After a report by the Hopi Drought Task Team and presentation on rangeland management planning, workshop participants were asked to discuss priorities for future range management plan and farming. Priorities identified by the group included rotation of animals on grazing lands; identification, assessment and development of water sources and water infrastructure; farming with Hopi native seeds with the goal of being self-sustaining and providing for their own people; education in modern and traditional farming and ranch management techniques; and better communication among land users.
Students from the Gifted and Talented (GATE) Program at Second Mesa High School were very engaged in the workshop discussions expressing their desire to combine traditional Hopi farming and ranching practices with knowledge about what will be required for them to adapt to a warmer climate in the future.

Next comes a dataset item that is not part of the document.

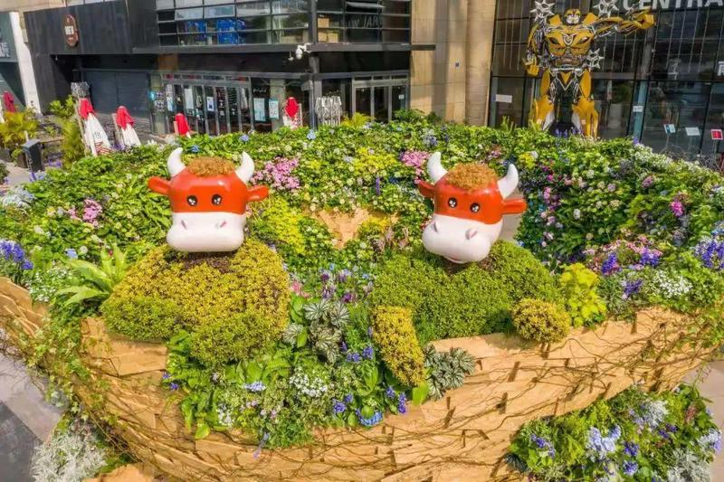 福田区节日大道以“对话”为题,以花卉形象“深圳牛”贯穿整个场景进行艺术装置,通过快闪式花艺展示形式,让柔美自然的花卉与激情速度的城市实现对话。

One major topic of discussion at the workshop, said McCarthy, was a recent decision to shut down the Navajo Generating Station (the region’s largest coal-fired power plant), which provides a major source of income for the Hopi Tribe through mining jobs, coal sales, land leases, and energy sales. With the closure of the coal mines, the Hopi will lose jobs, income and be left with a legacy of water contamination. Most of the Hopi people also burn coal inside of their homes for heat during the winter, which will no longer be readily available when the mines close. As the Hopi tribe begins to look for alternative sources of energy, employment, income, and heat, McCarthy is exploring ways for the NWAL team to partner Hopi colleagues, U. Arizona, and private sector entities to develop community-based solar and wind energy systems.
“We plan to follow up with this group at another workshop in the fall with information about alternative energy generation in the form of small-scale renewable energy, such as solar installations that could tie to batteries and generate solar for a whole community,” McCarthy said.
Photo gallery from Hopi Agriculture and Climate Resilience Workshop. Credit: Lindsay Ware.
Next Steps for NWAL
To follow up on what was learned and discussed during the workshops with the Hopi Tribe and the school students, NWAL plans to return to Hopi lands during the fall of 2019 to work with community leaders and educators to expand their access to place-based climate science, alternative energy, weather patterns, sustainable agricultural practices, and other topics of interest. NWAL is also planning to release a webinar about recent and historic climate change as it relates to the Hopi region. The webinar and other research reports, publications, and data will made available to tribal students and community members.
A key element of follow-up from this workshop will be supporting Hopi high school STEM teachers to use NWAL research data to develop place-based education materials on topics such as weather and climate trends and patterns, temperature changes and water supplies, ranchland grazing carrying capacities, water quality testing and treatment, and renewable energy applications.
Native Waters on Arid Lands is funded by the U.S. Department of Agriculture’s National Institute of Food and Agriculture. Partners in the project include the Desert Research Institute; the University of Nevada, Reno; the University of Arizona; First Americans Land-Grant Consortium; Utah State University; Ohio University; United States Geological Survey; and the Federally Recognized Tribal Extension Program in Nevada and Arizona.